▶ **Task to carry out**
The task for the listing below is to write out exactly the lines starting at the one containing "A bedroom with" and ending at the one containing "Đề thi kết thúc", both included. Pictures are to be omitted.

---- Working data

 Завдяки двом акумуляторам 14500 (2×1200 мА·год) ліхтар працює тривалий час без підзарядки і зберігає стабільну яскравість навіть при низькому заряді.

--------
---- Working data

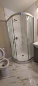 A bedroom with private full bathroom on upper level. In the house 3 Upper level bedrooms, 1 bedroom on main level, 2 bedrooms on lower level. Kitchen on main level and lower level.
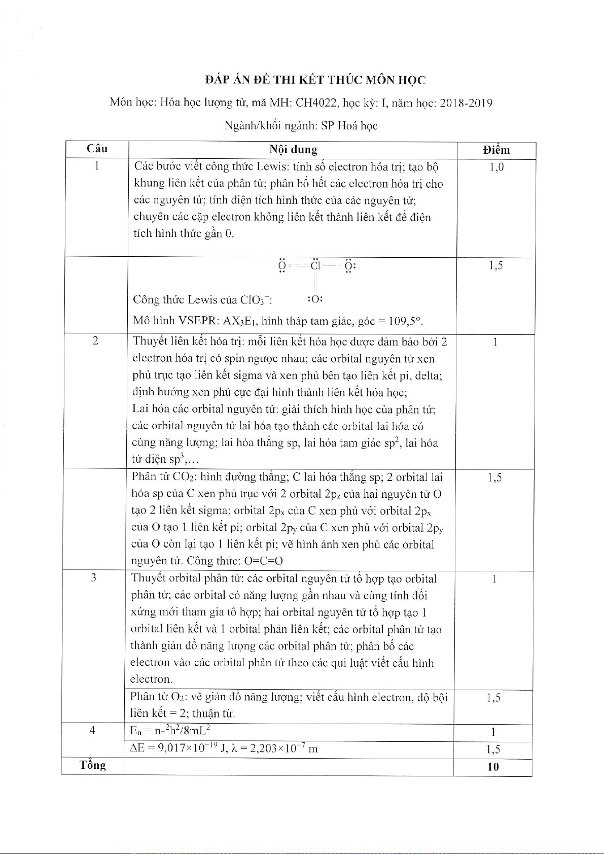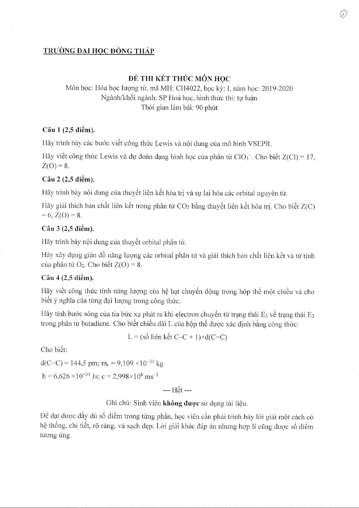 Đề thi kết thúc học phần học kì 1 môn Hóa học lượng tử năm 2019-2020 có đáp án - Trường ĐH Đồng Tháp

--------

▶ **Worked solution**
 A bedroom with private full bathroom on upper level. In the house 3 Upper level bedrooms, 1 bedroom on main level, 2 bedrooms on lower level. Kitchen on main level and lower level.
 Đề thi kết thúc học phần học kì 1 môn Hóa học lượng tử năm 2019-2020 có đáp án - Trường ĐH Đồng Tháp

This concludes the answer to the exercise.